Pictures excluded, output the lines of the data below between the one holding "Wärmebild Monokular mit" and the one holding "ロング ブラック 長袖", inclusive, exactly as they stand.

◆ Available data:
*****
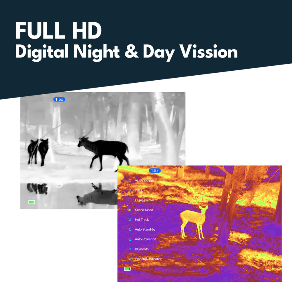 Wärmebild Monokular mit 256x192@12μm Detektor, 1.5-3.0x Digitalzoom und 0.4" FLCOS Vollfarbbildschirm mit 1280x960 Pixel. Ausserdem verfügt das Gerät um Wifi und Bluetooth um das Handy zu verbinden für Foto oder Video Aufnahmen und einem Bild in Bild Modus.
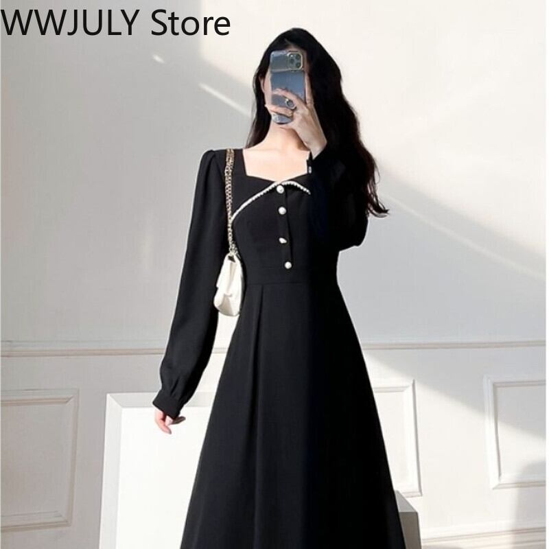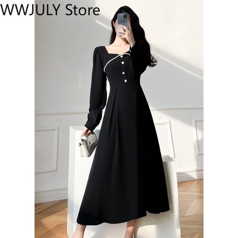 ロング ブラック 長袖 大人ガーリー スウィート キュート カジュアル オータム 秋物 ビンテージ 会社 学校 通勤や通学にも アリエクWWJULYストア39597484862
*****
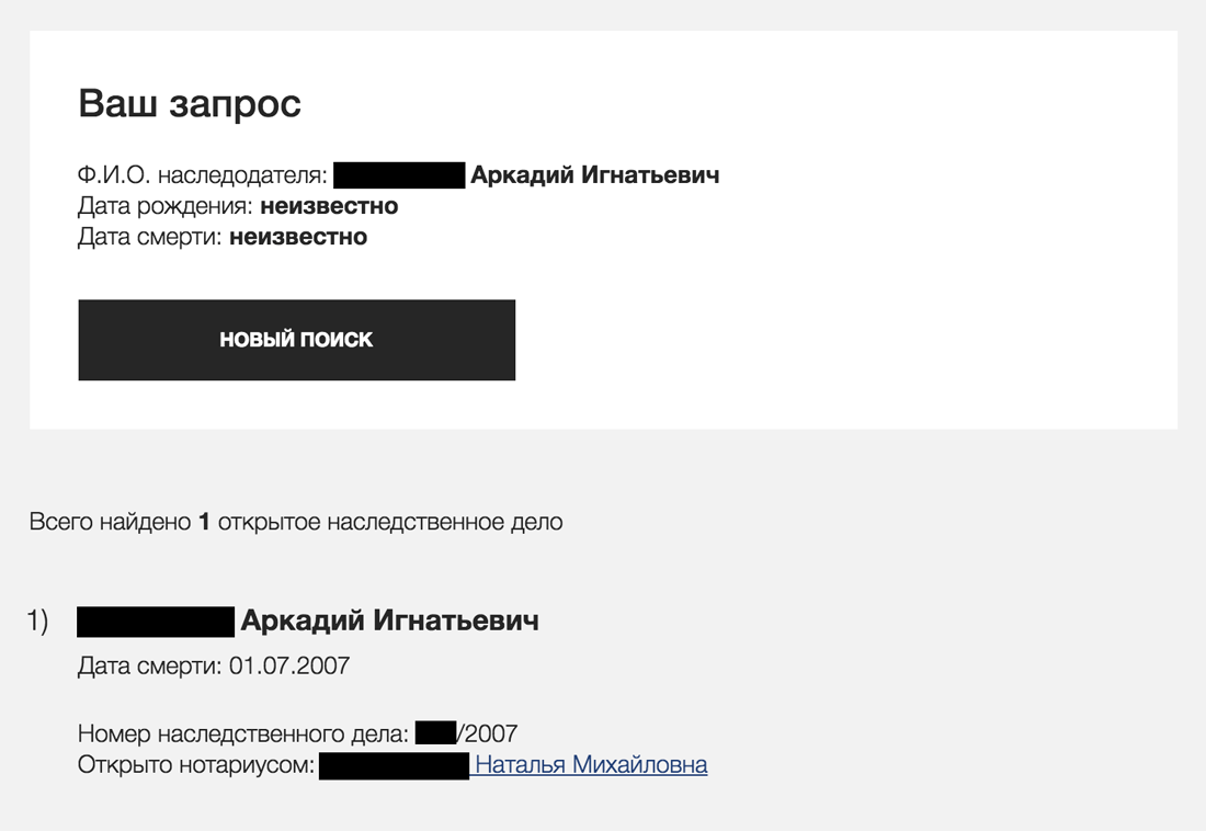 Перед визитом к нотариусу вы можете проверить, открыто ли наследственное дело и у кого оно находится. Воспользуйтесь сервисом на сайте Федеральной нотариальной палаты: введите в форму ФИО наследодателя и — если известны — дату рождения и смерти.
*****
◆ Result of the exercise:
 Wärmebild Monokular mit 256x192@12μm Detektor, 1.5-3.0x Digitalzoom und 0.4" FLCOS Vollfarbbildschirm mit 1280x960 Pixel. Ausserdem verfügt das Gerät um Wifi und Bluetooth um das Handy zu verbinden für Foto oder Video Aufnahmen und einem Bild in Bild Modus.
 ロング ブラック 長袖 大人ガーリー スウィート キュート カジュアル オータム 秋物 ビンテージ 会社 学校 通勤や通学にも アリエクWWJULYストア39597484862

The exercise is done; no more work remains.